C1060 slower than S1070?

We have two HPC systems, one has two desktops connected to one S1070-400 and the other is two desktops each having two C1060 cards. We tried to run the same bench mark program using ONE GPU on both systems and observed that C1060 is about 10% slower than S1070, though we expected the performance should be the same.
The desktops have the same system (windows xp 64bit), same CPUs and other configurations, except the GPUs. The graphics card information is the same:
Driver version: 197.03
CUDA Cores: 240
Graphics clock: 610 MHz
Processor clock: 1296 MHz
Memory clock: 800 MHZ(160 MHz data rate)
Memory interface: 512-bit
Memory: 4096 MB
Bus: PCI Express x16 Gen2

The only difference I can see is Video BIOS version, C1060 has 62.00.62.00.07 and S1070 has 62.00.62.00.09.

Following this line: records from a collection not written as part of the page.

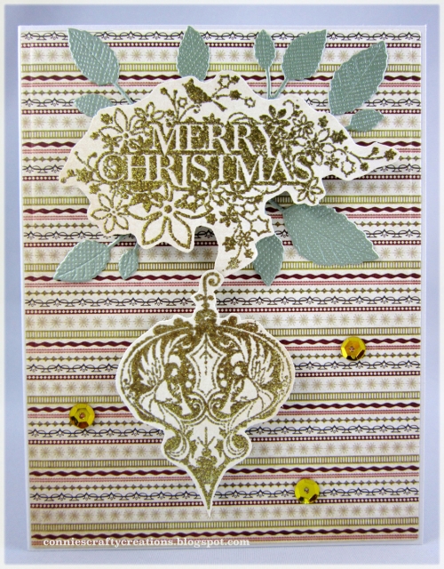 The pattern on the ornament shows up really pretty on the light paper. I like the patterned paper background too. It adds to the vintage, shabby chic (?) vibe.
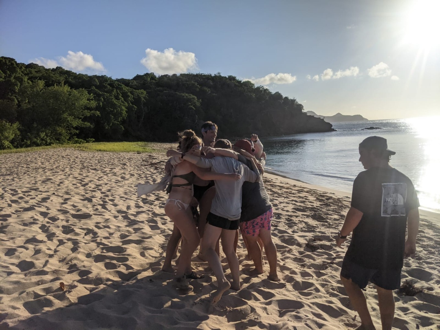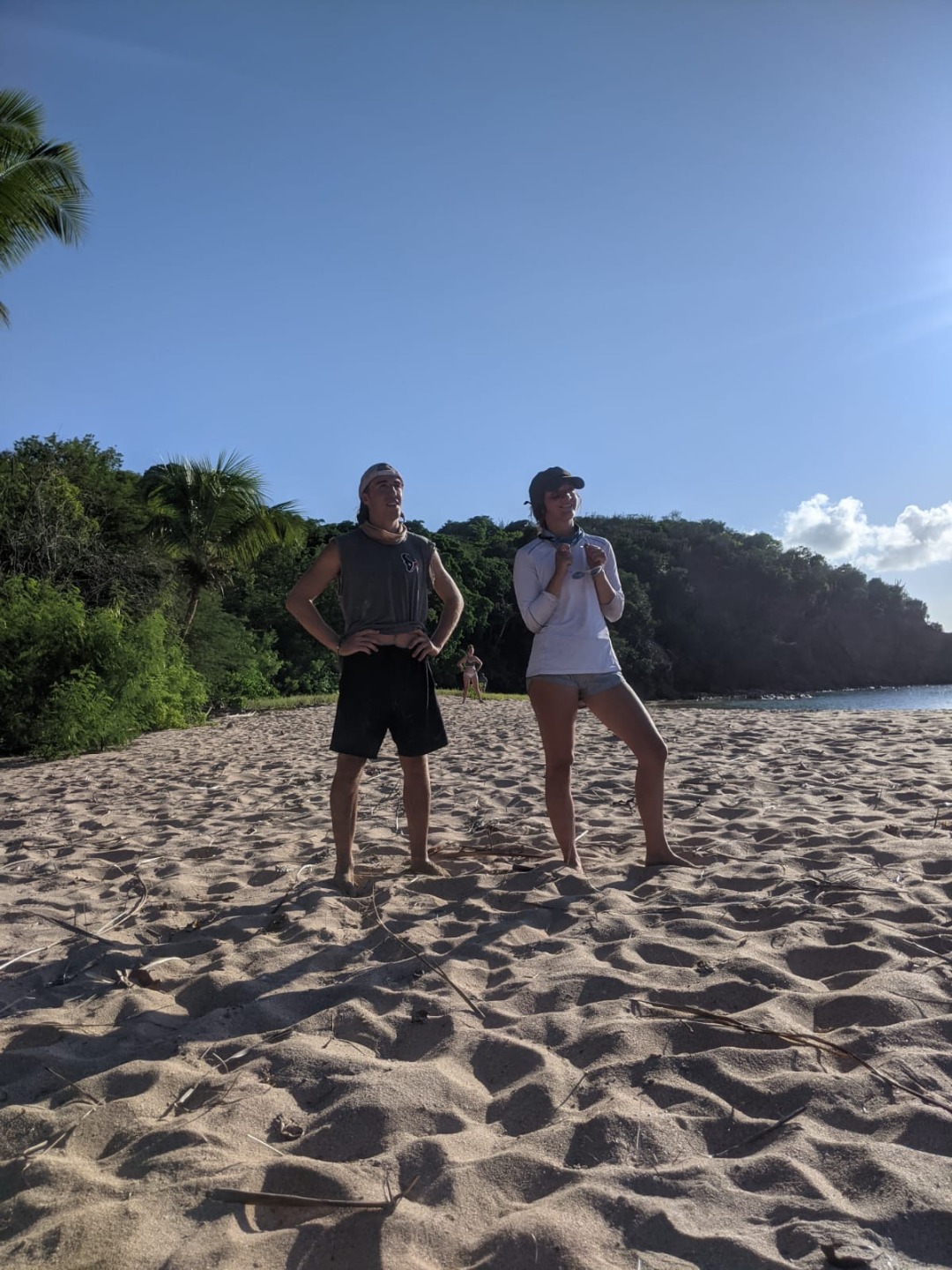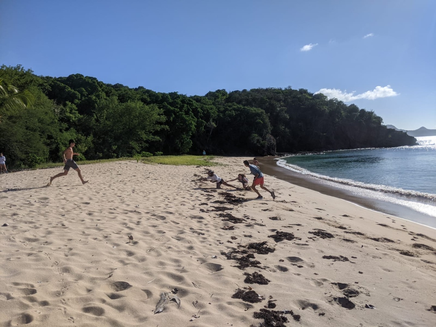 We were split into two teams: Sam, Logan, Eamon, Lucy, Eulalie, Alexis, Teddy, and myself; and Quinn, Stef, Lucia, Maxime, Sophie, MacKenzie, Will, and Tate. The former was known as AQ or Action Quest, while the latter was known as GB or Go Beyond. Immediately after getting our teams, things got serious VERY fast. We almost never have any competition on the boat as we’re always working together, which is obviously a wonderful thing, but a few of us, myself included, were ready to go crazy at the idea of a (semi) lighthearted competition. After strategizing for about 15 minutes and pretending to hide a few different flags to throw off the other team, we got straight down to business. The game feels like a complete blur, although I do remember flipping completely over Maxime onto the sand (and tagging him) and then about 30 seconds later having to get up, chase Quinn down, dive for him and ALMOST make it. And, of course, I remember seeing Eamon barely make it back onto our side with the other team’s flag and going completely nuts. That was definitely the longest, hottest, and sandiest game of capture the flag I have ever played in my life45 minutes to an hour 90 degrees (Fahrenheit) heat. And we weren’t even done yet. After my team’s completely expected and unavoidable win, and after soaking in the ocean to get our bearings for about 10 minutes since we were all completely worn out, we switched sides. We did the whole thing over, this time with Ash stipulating that we had to have the flag in plain view so our game would go a little quicker.
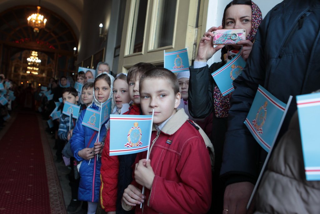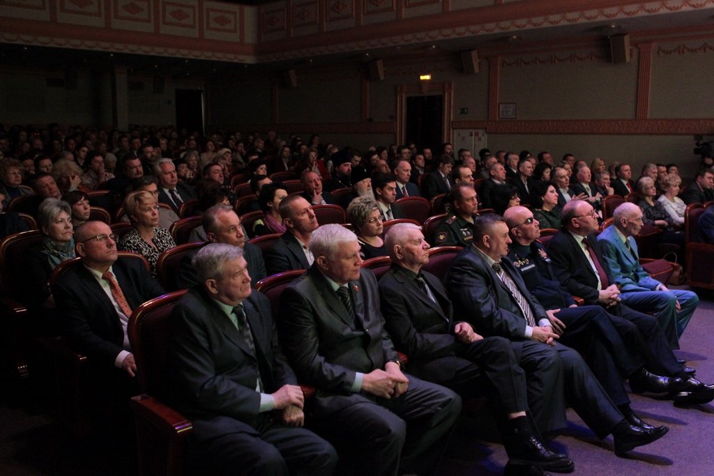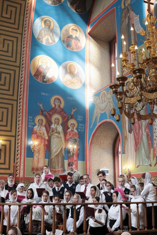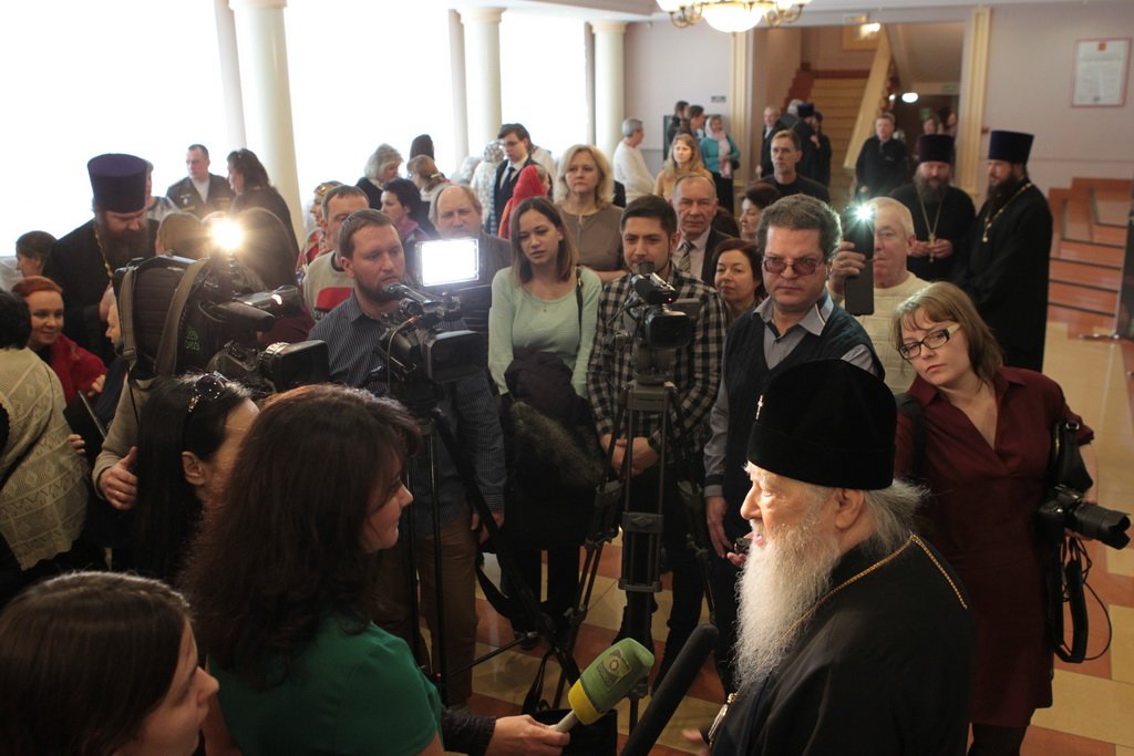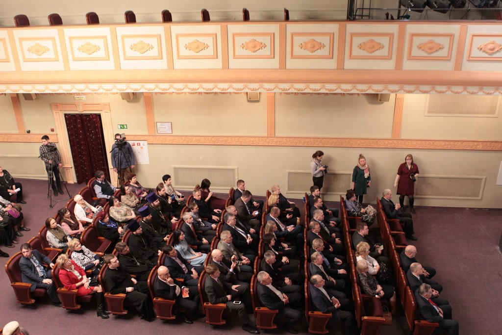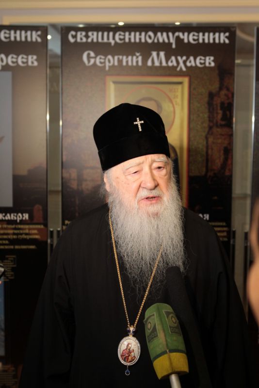Перед началом праздничного концерта митрополит Ювеналий обратился к собравшимся с архипастырским словом: «Дорогой Игорь Петрович, дорогой отец Марк, дорогие участники нашей встречи. Христос воскресе! Воистину воскресе! Хотя сегодня рабочий день, Церковь продолжает праздновать Пасху Господню. Приятно, что вы с нами разделяете этот праздник. Вам, может быть, не понятно было, почему в фойе находится выставка новомучеников в праздник Пасхи. Я имел в свое время определенное отношение к прославлению новомучеников, потому что четверть века возглавлял комиссию Русской Православной Церкви по канонизации святых. Через нее прошли дела тысяч людей: наших православных священнослужителей, монашествующих, мирян, которых Церковь причислила к лику святых. Сегодня уже говорилось, что в этом году исполняется сто лет событиям, которые происходили в нашей стране с начала 1917 года. Когда мы рассматривали жизнь и смерть наших новомучеников, мы могли по совести свидетельствовать, что это были патриоты России, что это были истинно верующие во Христа люди. Но судьба так сложилась, что они встретились с требованием или отречься от Христа, или принять мученическую смерть. Все, кого вы видели здесь, на этой выставке, — это люди, которые ни в чем себя не запятнали ни перед государством, ни перед народом, ни перед Церковью, но предпочли мученическую смерть измене Христу. Я сегодня совершил Литургию в Богоявленском соборе и поклонился мощам священномученика Константина Богородского. Это был светлейший человек, педагог, пастырь. Трудно без слез вспоминать, как он был заживо погребен

Anybody have the same experience or could give us some idea why C1060 is slower?

Many thanks.

P.S. I meant to post here but posted in “CUDA on Windows XP” board by error
Can anyone tell me how to delete the post there…

There are two models of S1070: the S1070-400 with the same clocks of the C1060 and the S1070-500 with faster shader clock ( around 10%)

What we have is S1070-400. So the clock rates are the same as C1060.